*** Source information

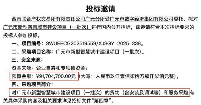 今年9月,该项目发布招标公告,招标人为广元市数字经济集团有限公司,所属广元发展集团,成立于2022年7月14日。
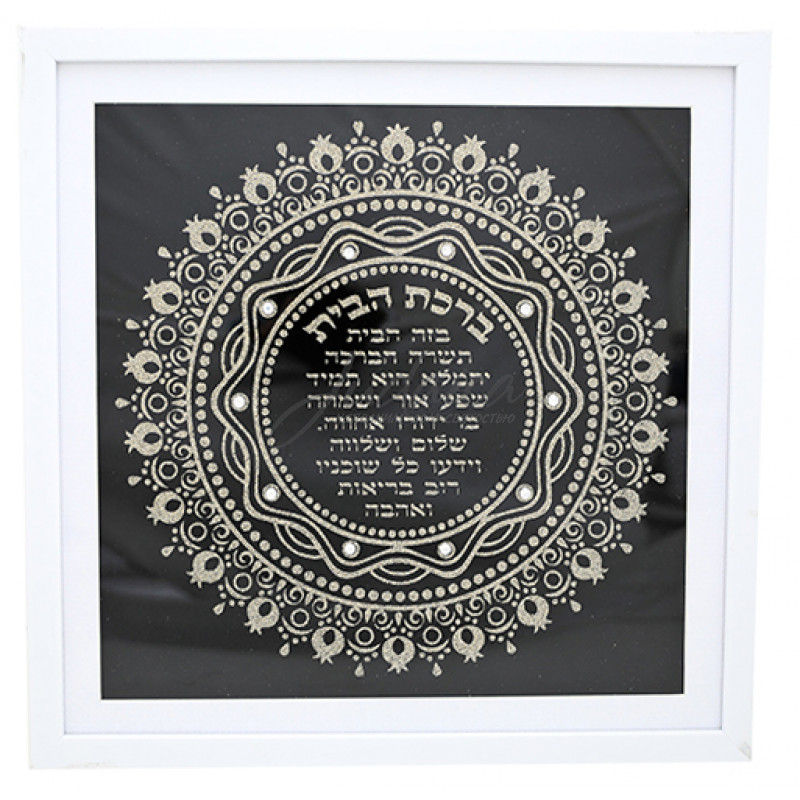 Благословение для дома квадратной формы в белой рамке. Украшено золотистыми блестками (глиттер) придает ему торжественности, поэтому это благословение может стать отличным подарком к любому празднику.
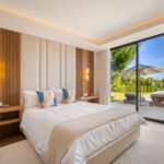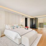 The home comprises six uniquely styled bedrooms. The luxurious master suite spans the entire first floor, complete with generous walk-in wardrobes, an exquisite marble bathroom with a sculpted bathtub, a private office, and a large terrace with sweeping sea views.
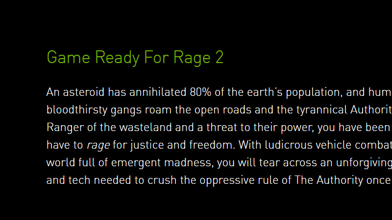 NVIDIA、Rage 2やTotal War: Three Kingdomsに向けたドライバ
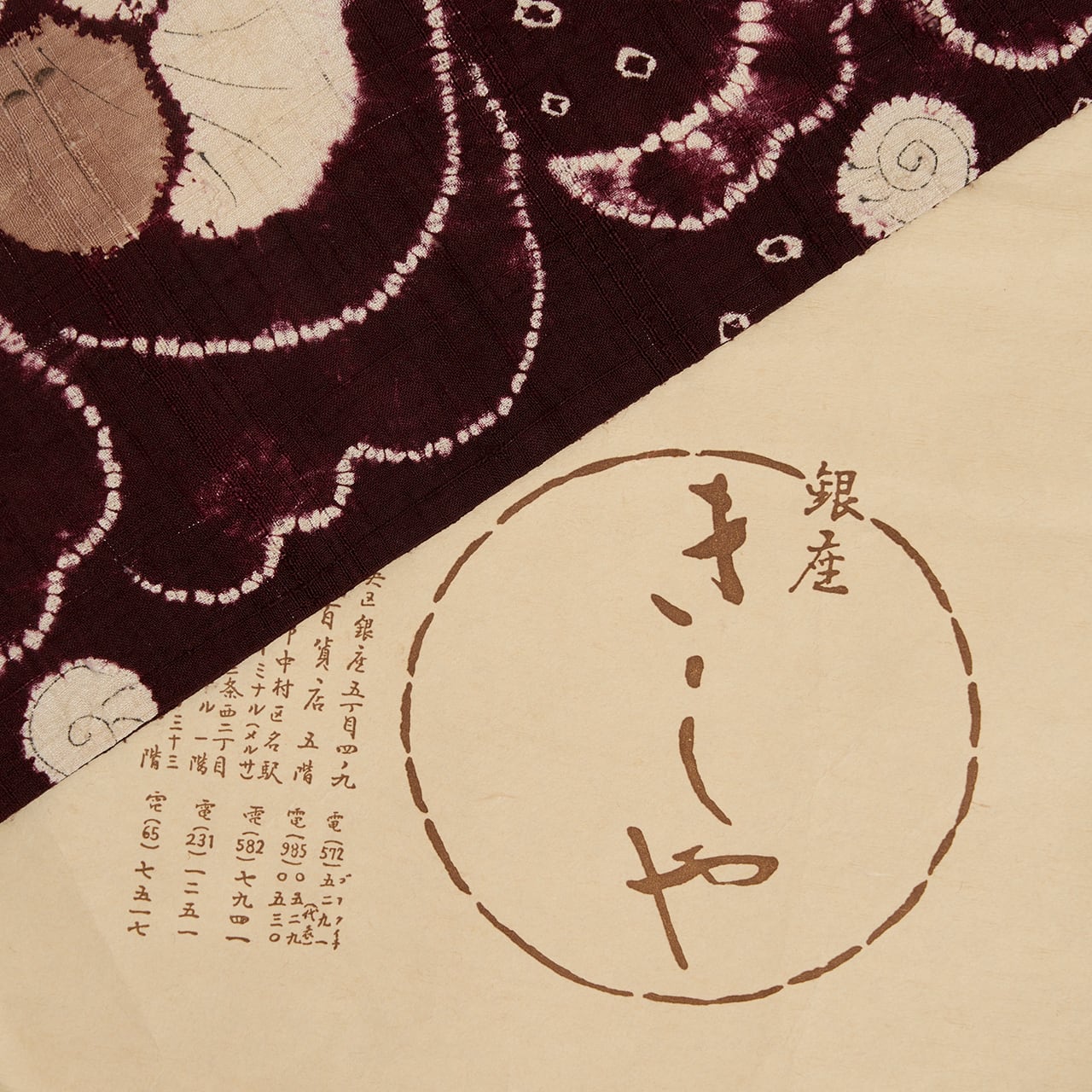 蝶々のまわりの水の玉のような小さな豆絞りが可愛らしく、そこにカタツムリのようなぐるぐる渦巻が置かれて、なんとなくメルヘンティックな雰囲気もあります。
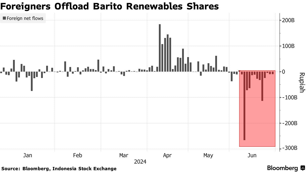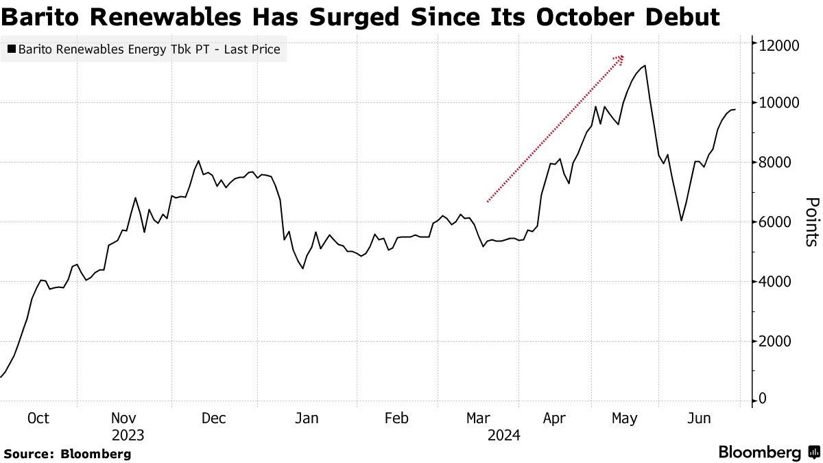 最初,这些限制并未引起太多关注。直到印度尼西亚证券交易所在五月底将Barito Renewables列入名单,而没有提供任何具体原因,只是简单地提到股价“显著增长”。
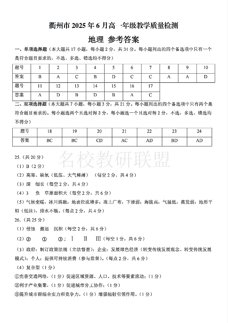 衢州市2025年6月高一年级教学质量检测 地理答案.pdf
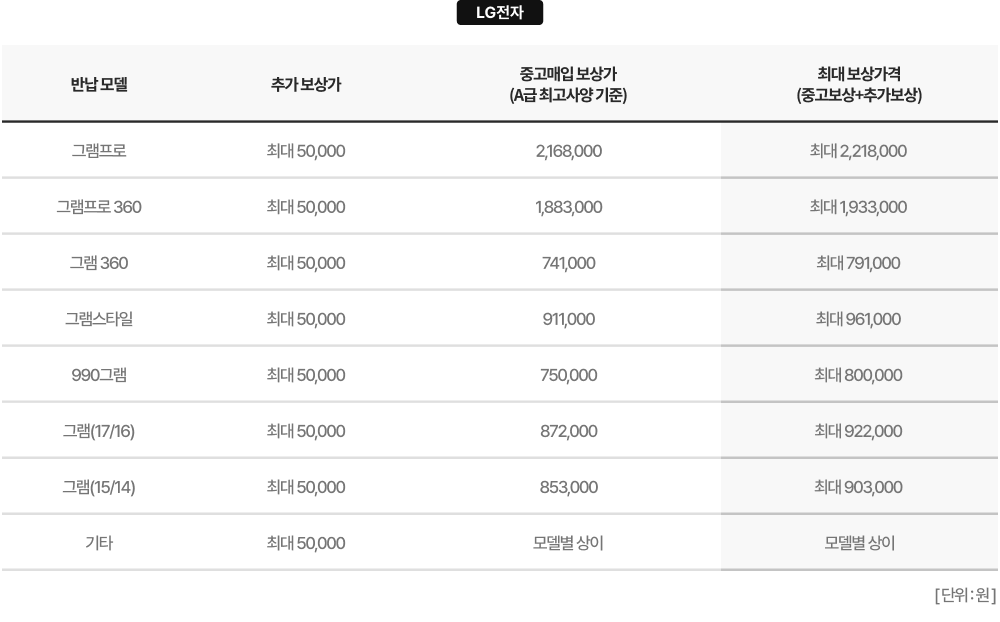 | 그램(15/14) | 최대 50,000 | 853,000 | 최대 903,000 |
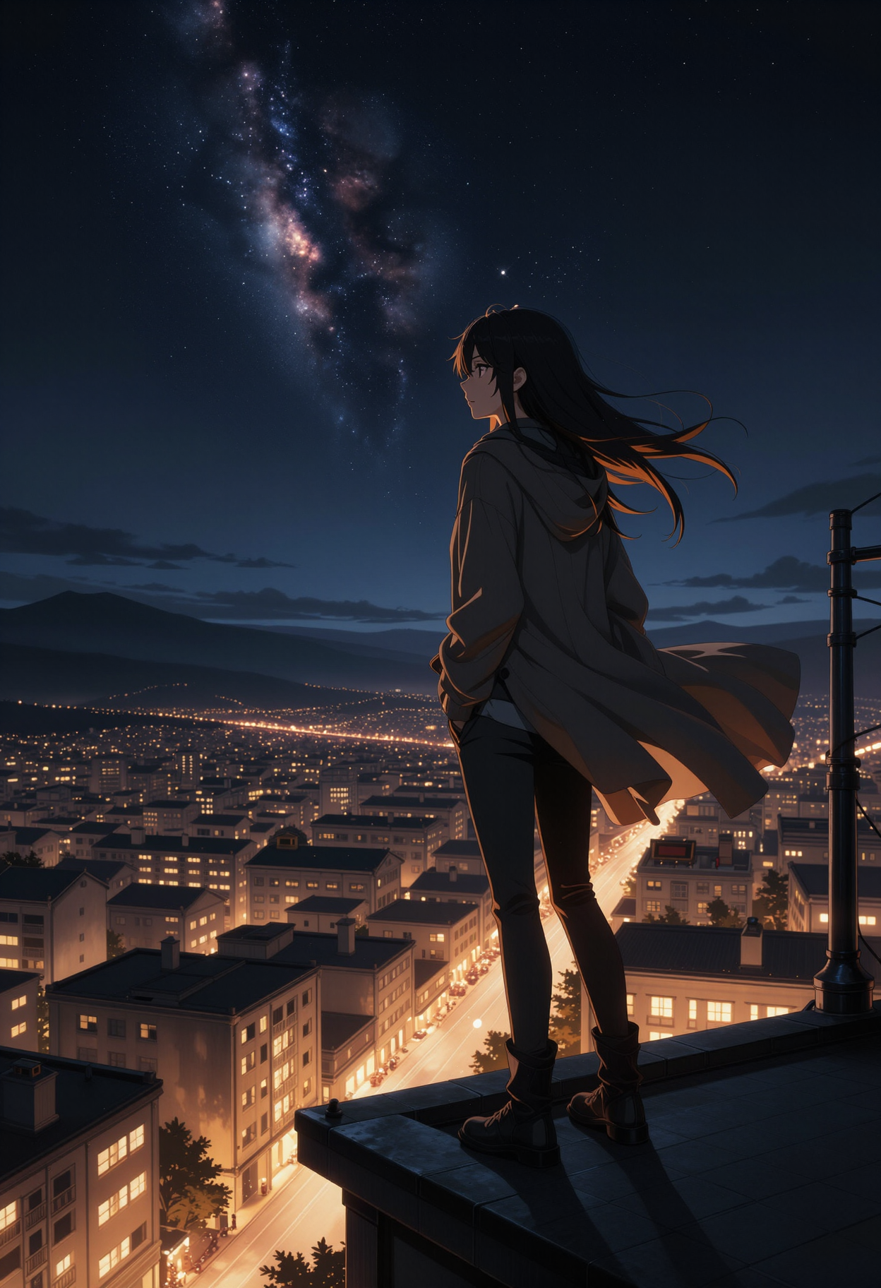 바람이 그의 머리카락과 옷을 부드럽게 흔들고 있음. 사색적인 분위기, 아름다운 도시 야경, 영화적인 애니메이션 구성.
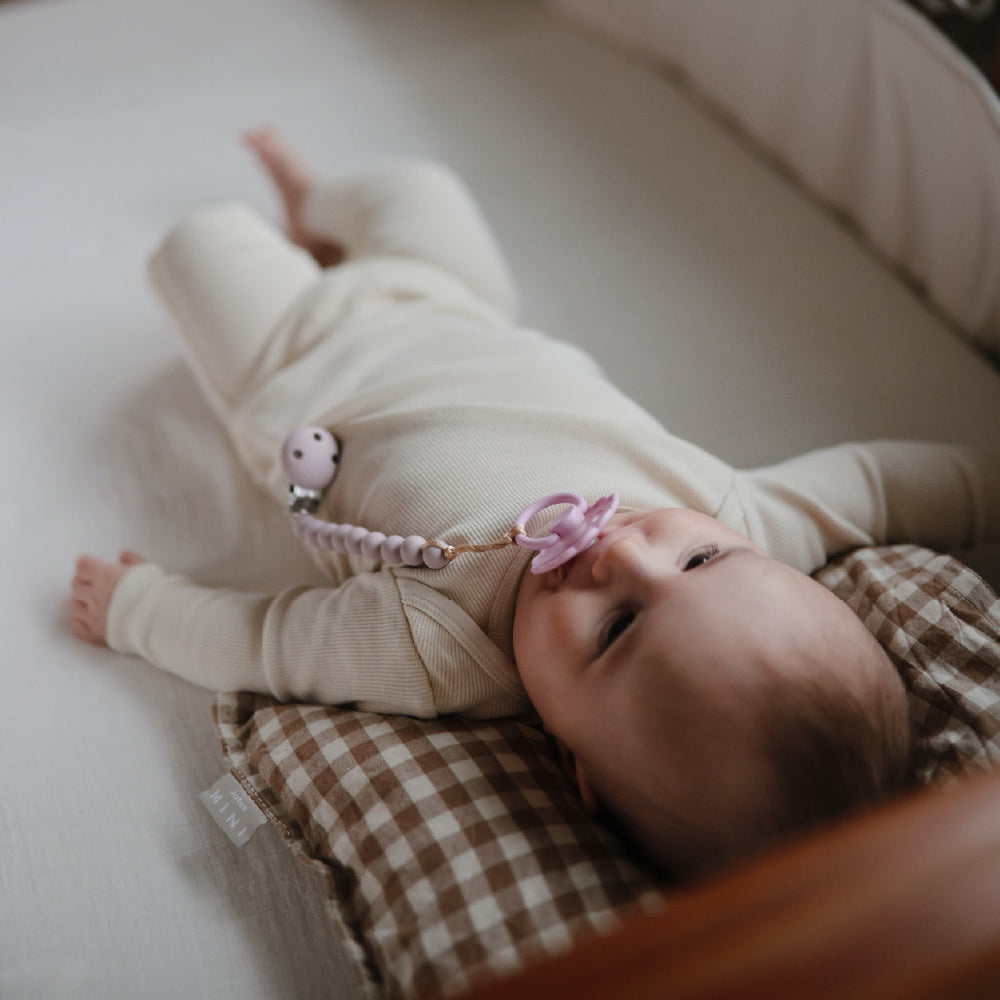おしゃぶりクリップは衣服にのみ取り付けることをお勧めします。

******

▶ About this task:
Return all of the records above exactly as written. Omit each picture.

▶ Answer to this exercise:
 今年9月,该项目发布招标公告,招标人为广元市数字经济集团有限公司,所属广元发展集团,成立于2022年7月14日。
 Благословение для дома квадратной формы в белой рамке. Украшено золотистыми блестками (глиттер) придает ему торжественности, поэтому это благословение может стать отличным подарком к любому празднику.
 The home comprises six uniquely styled bedrooms. The luxurious master suite spans the entire first floor, complete with generous walk-in wardrobes, an exquisite marble bathroom with a sculpted bathtub, a private office, and a large terrace with sweeping sea views.
 NVIDIA、Rage 2やTotal War: Three Kingdomsに向けたドライバ
 蝶々のまわりの水の玉のような小さな豆絞りが可愛らしく、そこにカタツムリのようなぐるぐる渦巻が置かれて、なんとなくメルヘンティックな雰囲気もあります。
 最初,这些限制并未引起太多关注。直到印度尼西亚证券交易所在五月底将Barito Renewables列入名单,而没有提供任何具体原因,只是简单地提到股价“显著增长”。
 衢州市2025年6月高一年级教学质量检测 地理答案.pdf
 | 그램(15/14) | 최대 50,000 | 853,000 | 최대 903,000 |
 바람이 그의 머리카락과 옷을 부드럽게 흔들고 있음. 사색적인 분위기, 아름다운 도시 야경, 영화적인 애니메이션 구성.
おしゃぶりクリップは衣服にのみ取り付けることをお勧めします。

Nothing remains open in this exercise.